= Required work =
All of the data should be given again word for word, though the images are to be left out.

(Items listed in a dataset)
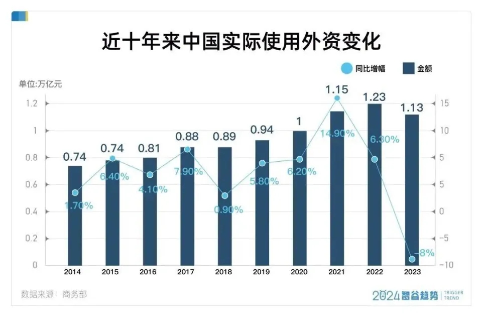 2023年,我國的外商投資出現(xiàn)了近十年來的首次下降,降幅約為8%。
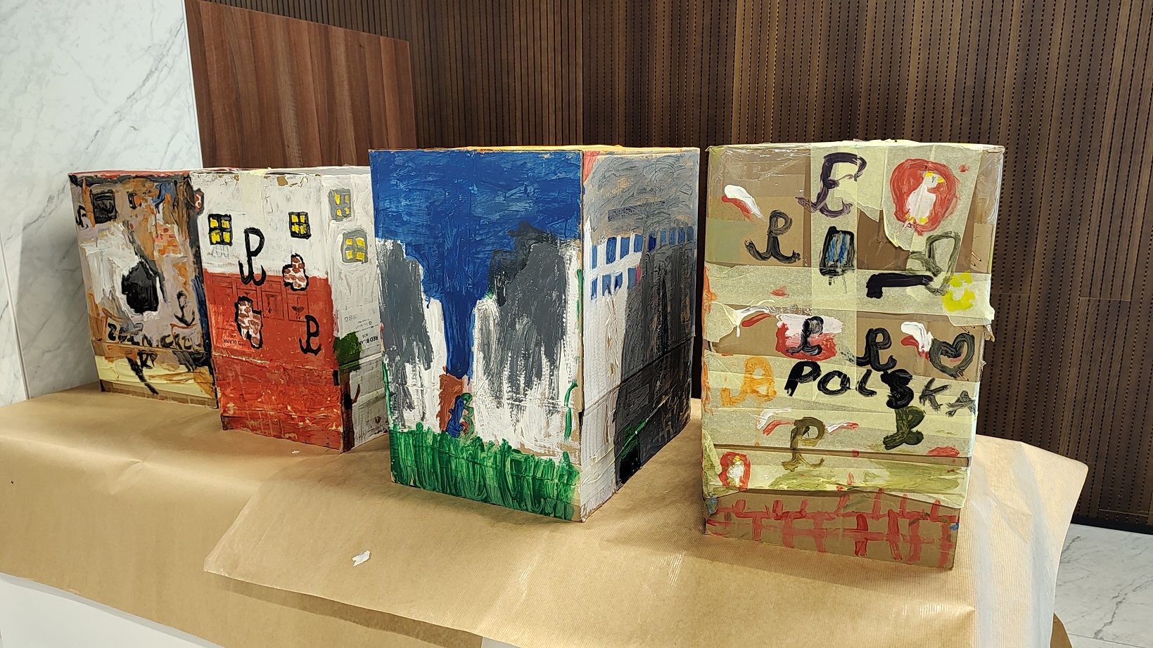 Podczas zajęć plastycznych tworzyli murale o tematyce patriotycznej, papierowe drzewa w barwach narodowych, a także rysunki inspirowane tematyką zajęć (przygody Misia Wojtka, przedwojenna Warszawa, plakat filmu historycznego itp).
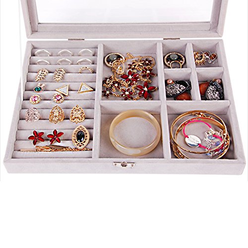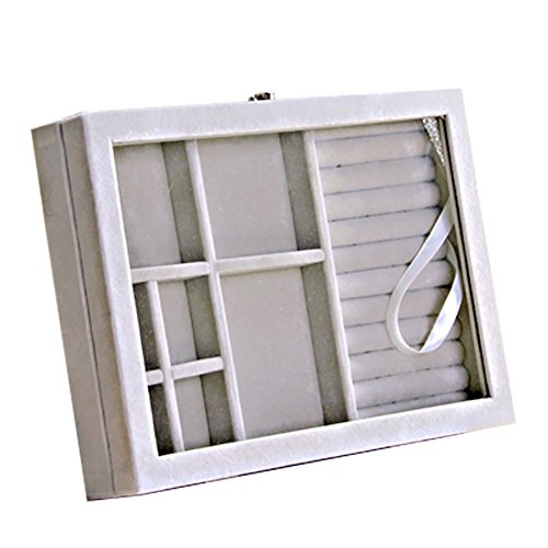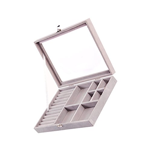 -. Binding : Kitchen -. Brand : Aco&bebe House -. Feature : Made of quality MDF and soft gray velvet, this jewelry box is super excellent to protect your beloved jewelry from scratching and damaging / Multi-functional jewelry organizer with necklace hooks, ring tray and compartments for cufflinks, earrings, brooches and other jewelry / Large glass top makes it easy to choose jewelry when dressing yourself / Size:11.2 x 7.8 x 2 inches -. IsAutographed : 0 -. ProductGroup : Home -. ProductTypeName : HOME -. Title : Aco&bebe House Jewelry Box and Organizer Display Tary Storage Case with Large Glass Top
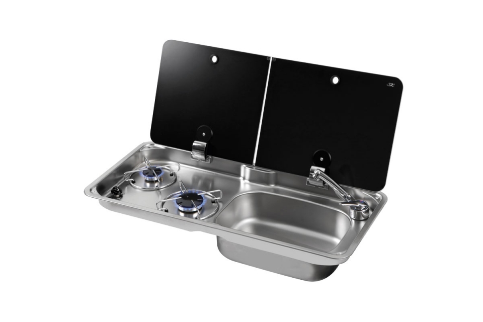 Kombinace 2 plotýnkového sporáku a dřezu s obdélníkovým umyvadlem. S piezo zapalováním. Výkon 2,9 kW (1x 1 kW, 1 x 1,9 kW). Spotřeba plynu 200 g/h (1 x 73 g/h, 1 x 127 g/h). Plynová přípojka 30 mbar. Rozměry (ŠxVxH) 765 x 100+50 x 355 mm. Instalační rozměry 730 x 320 mm. Hmotnost 6kg.
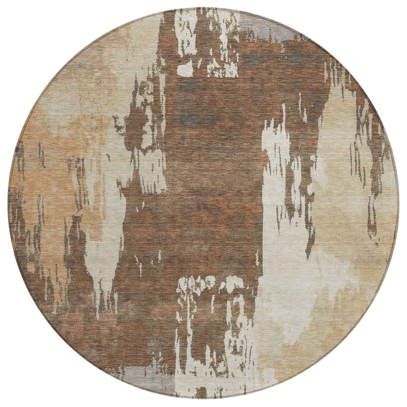 Add some artistry to your room with this 8-foot rust ivory and gray round abstract washable indoor outdoor area rug. This geometric round shaped rug features a abstract pattern in rust, ivory, and gray that combines a good looking print with a unique and updated shape. The mix of shape, color, and design gives this rug refreshing visual interest. Ideal for outdoor spaces or high traffic areas with kids and pets, this rug is made from heavy duty polyester that is stain resistant to help repel water, dirt, and stains. Makes a great way to dress up your patio, porch, or poolside, but also works well as a durable and easy to maintain option in the kitchen, family room, or mudroom. 96.00-inch h x 96.00-inch w x 0.19-inch d.
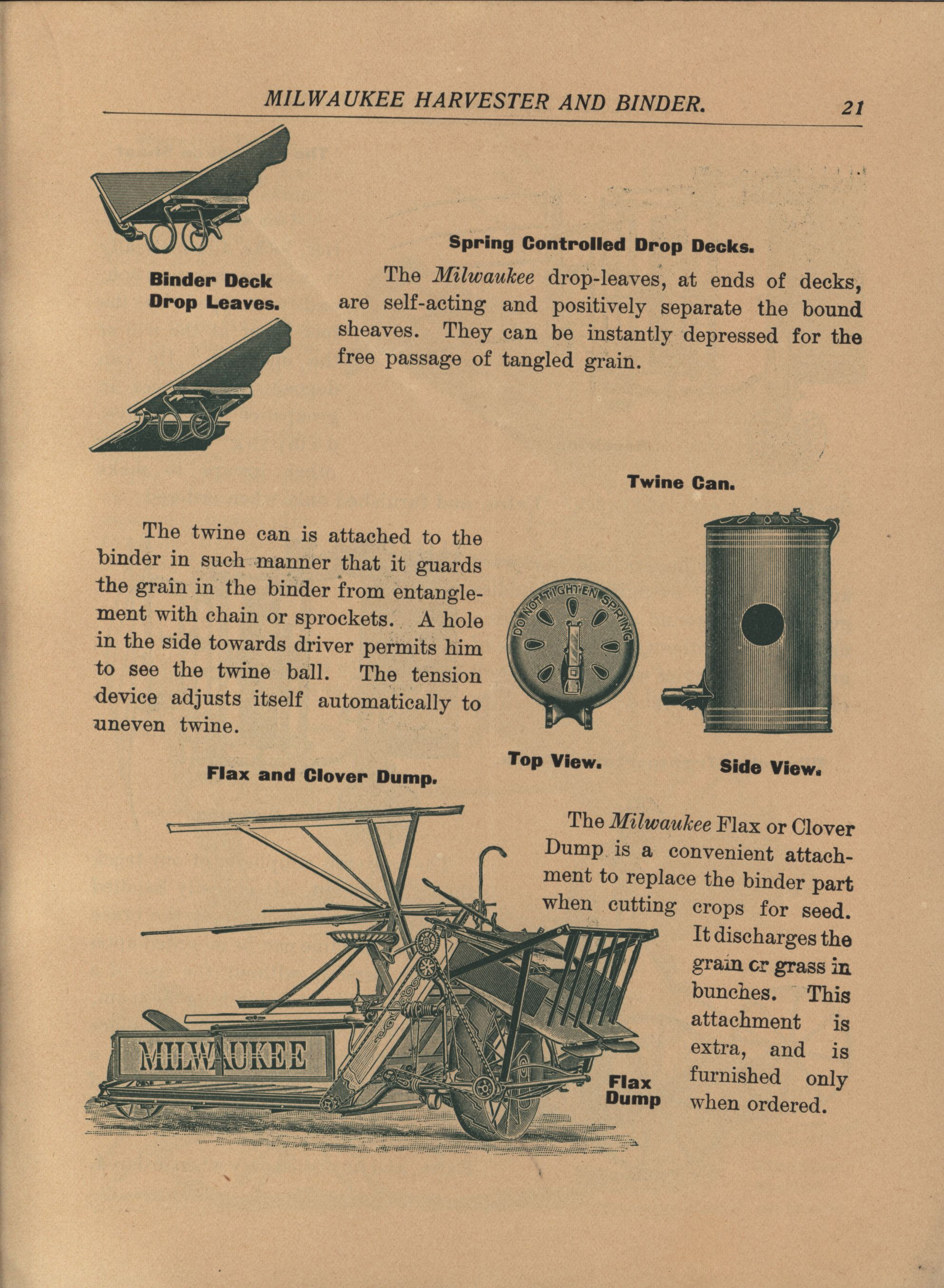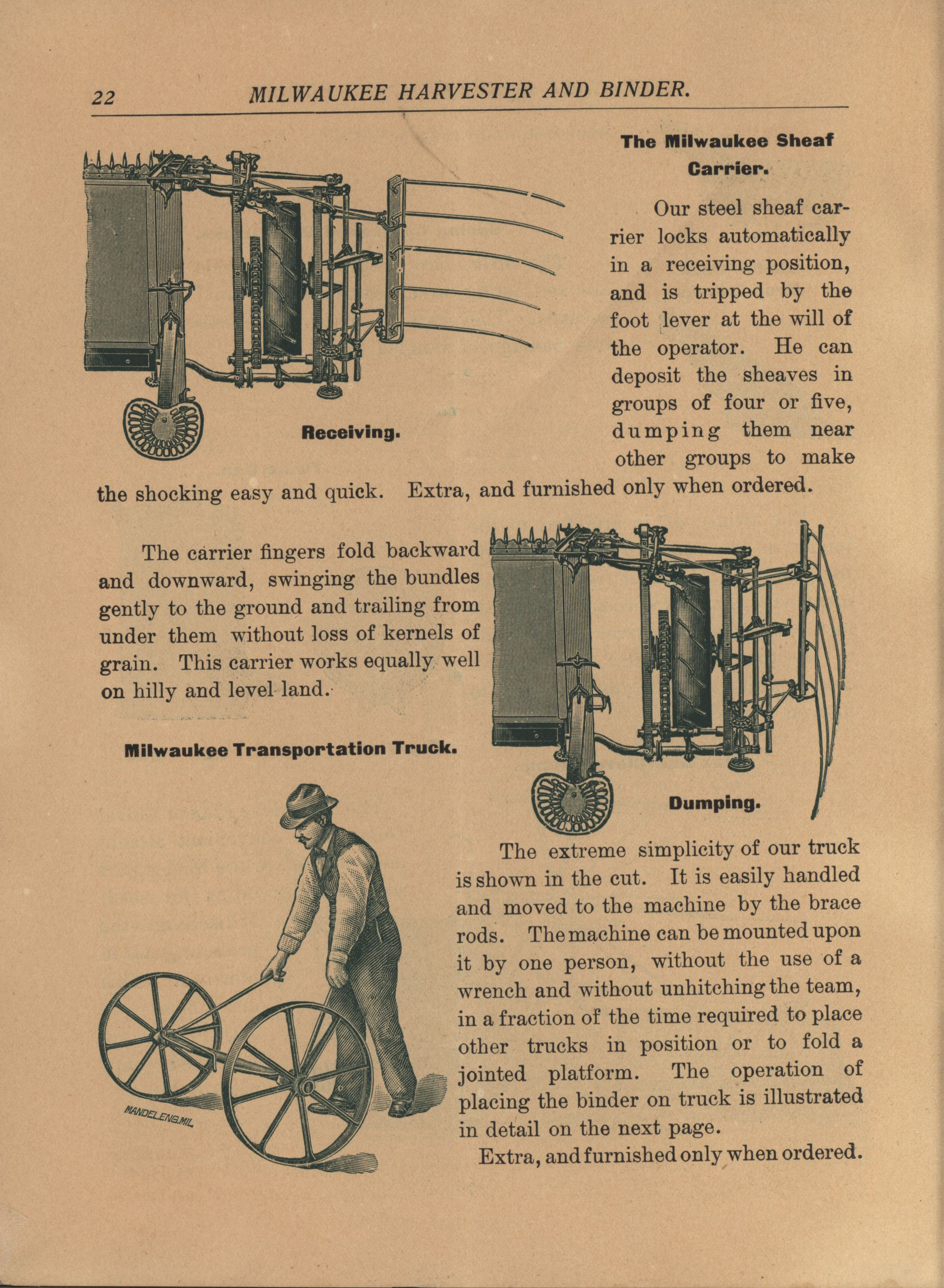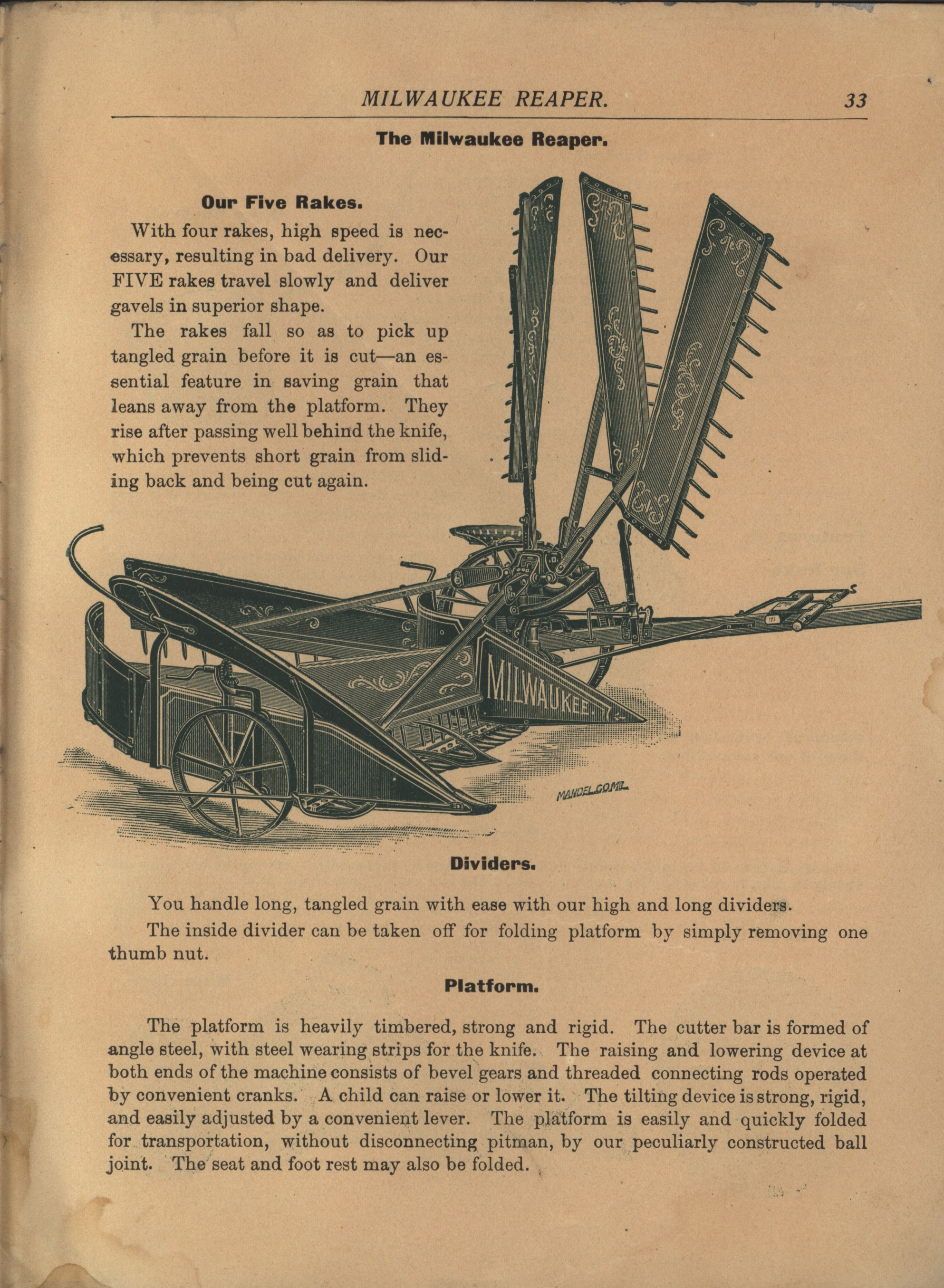 - "Milwaukee Harvester Company harvesters, mowers and reapers catalog", Agricultural Machinery Literature Collection, Iowa State University Library Digital Collections

= Task output =
 2023年,我國的外商投資出現(xiàn)了近十年來的首次下降,降幅約為8%。
 Podczas zajęć plastycznych tworzyli murale o tematyce patriotycznej, papierowe drzewa w barwach narodowych, a także rysunki inspirowane tematyką zajęć (przygody Misia Wojtka, przedwojenna Warszawa, plakat filmu historycznego itp).
 -. Binding : Kitchen -. Brand : Aco&bebe House -. Feature : Made of quality MDF and soft gray velvet, this jewelry box is super excellent to protect your beloved jewelry from scratching and damaging / Multi-functional jewelry organizer with necklace hooks, ring tray and compartments for cufflinks, earrings, brooches and other jewelry / Large glass top makes it easy to choose jewelry when dressing yourself / Size:11.2 x 7.8 x 2 inches -. IsAutographed : 0 -. ProductGroup : Home -. ProductTypeName : HOME -. Title : Aco&bebe House Jewelry Box and Organizer Display Tary Storage Case with Large Glass Top
 Kombinace 2 plotýnkového sporáku a dřezu s obdélníkovým umyvadlem. S piezo zapalováním. Výkon 2,9 kW (1x 1 kW, 1 x 1,9 kW). Spotřeba plynu 200 g/h (1 x 73 g/h, 1 x 127 g/h). Plynová přípojka 30 mbar. Rozměry (ŠxVxH) 765 x 100+50 x 355 mm. Instalační rozměry 730 x 320 mm. Hmotnost 6kg.
 Add some artistry to your room with this 8-foot rust ivory and gray round abstract washable indoor outdoor area rug. This geometric round shaped rug features a abstract pattern in rust, ivory, and gray that combines a good looking print with a unique and updated shape. The mix of shape, color, and design gives this rug refreshing visual interest. Ideal for outdoor spaces or high traffic areas with kids and pets, this rug is made from heavy duty polyester that is stain resistant to help repel water, dirt, and stains. Makes a great way to dress up your patio, porch, or poolside, but also works well as a durable and easy to maintain option in the kitchen, family room, or mudroom. 96.00-inch h x 96.00-inch w x 0.19-inch d.
 - "Milwaukee Harvester Company harvesters, mowers and reapers catalog", Agricultural Machinery Literature Collection, Iowa State University Library Digital Collections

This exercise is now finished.